See 24 CFR Part 882, Subpart B, App I (Section 8 Housing); 24 CFR § 966.6(f)
(Public Housing).
28. Respondent requests of court collateral estoppel regarding petitioner's
MOTION TO STRIKE JURY DEMAND as having been denied by Hon. Judge
Peter Wendt on December 8, 2004 (see att.)
RPAPL § 743 The answer may contain any legal or equitable defense, or counterclaim. The court may render affirmative judgment for the amount found due on the counterclaim.
"Applied to a § 1324b case before an ALJ, Worton defeats collateral estoppel because, despite McNier’s having pleaded § 1324b in his state case, the California courts necessarily only addressed race discrimination, § 1324b issues being exclusively reserved for the federal forae. Citizenship status discrimination and any cognate retaliation issues are not matters that might or could have been urged in support of the cause of action or claim in litigation in McNier’s state case. None of McNier’s other authorities (including criminal cases which turn essentially on due process considerations) reach the question, as here, of a totally different statutory cause of action the critical element of proof for which, i.e., citizenship status discrimination in violation of § 1324b, could not as a matter of exclusive federal jurisdiction have been in play in the state action." McNeir v Wallace 9 OCAHO#1074, Warton v Warton, 234 Cal. App. 3d 1638 (1991)
Iron Workers Local 455 v. Lake Construction & Development Corp., 7 OCAHO no. 964, 632, 658 (1997) “[t]he proponent of collateral estoppel has the burden of showing that the issue in the prior proceeding was identical and decisive”)
Collateral estoppel prevents the parties from re-litigating any issue actually litigated and finally decided in the earlier action. Lucindo v Superior Court (1990) 51 Cal.3d 335, 341, fn 3; Flynn V Gorton (1989) 207 Cal.App.3d 1550, 1554.
"The doctrine of collateral estoppel is one aspect of the concept of res
judicata. In modern usage, however, the two terms have distinct meanings." (Lucindo v Superior Court, supra, 51 Cal.3d at p. 341, fn. 3.
Where "issues overlap but are not identical," collateral estoppel cannot be applied. Capital Telephone Co., 451 N.Y.S.2d at 15.
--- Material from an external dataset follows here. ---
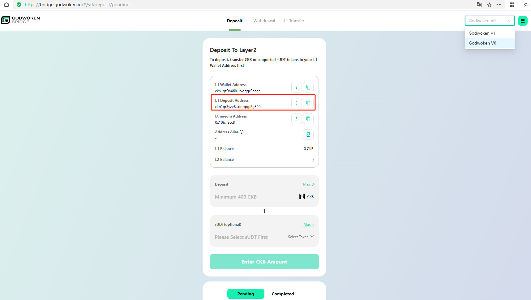 Godwoken Bridge V0V1入金地址跟前面的又不一样了,不统一地址入口真的好混乱,建议地址归类统一,而不是一个项目一个地址,项目方跑路关闭,该项目对应地址下的资产都无法找回。

Discussing the right to a jury trial, the Supreme Court held that the district court’s resolution of issues raised by a former employee’s equitable claims did not collaterally estop relitigation of the same issues before a jury in context of the employee’s legal claims, where the district court first resolved the equitable claims solely because it had erroneously dismissed the legal claims. Lytle, 494 U.S. at 555-56.
The party seeking the benefit of collateral estoppel bears the burden of proving that an identical issue has been previously litigated and decided. Kaufman v. Eli Lilly and Co., 492 N.Y.S.2d 584, 588 (Ct. App. 1985); Capital Telephone Co. v. Pattersonville Telephone Co., 451 N.Y.S.2d 11, 14 (Ct. App. 1982)
In Capital Telephone, supra, the New York Court of Appeals ruled that if a second proceeding is to adjudge the same activity under a different legal standard than the first, no preclusion will occur if that activity could be found lawful under one standard and unlawful under the other. Capital Telephone, 451 N.Y.S.2d at 14
For collateral estoppel to preclude the litigation of a federal civil rights claim "[t]he court in which the first action was brought must have been willing and able to consider the theory that is advanced in the second action." Bottini v. Sadore Management Corp., 764 F.2d 116, 119 (2d Cir. 1985)
the issue must have been "actually determined in the prior proceeding." (Matter of Halyalkar v Board of Regents of State of N. Y., 72 NY2d 261, 268).
Prior litigation by the same parties on a different cause of action has a collateral estoppel effect only as to those issues litigated and determined in the prior action. (7 Witkin, Cal.Procedure (3d ed.1985) Judgment, section 253, p.691.)
The party asserting collateral estoppel has the burden to show from the record of the prior action that the asserted issue was previously litigated and determined. (Vella v. Hudgins (1977) 20 Cal.3d 251, 257-58.)
WHEREFORE, respondent prays for the granting of an Order from the Court
dismissing petitioner's Motion in its entirety, granting respondent's Motion and for
all such and further relief that this Court may deem just and appropriate.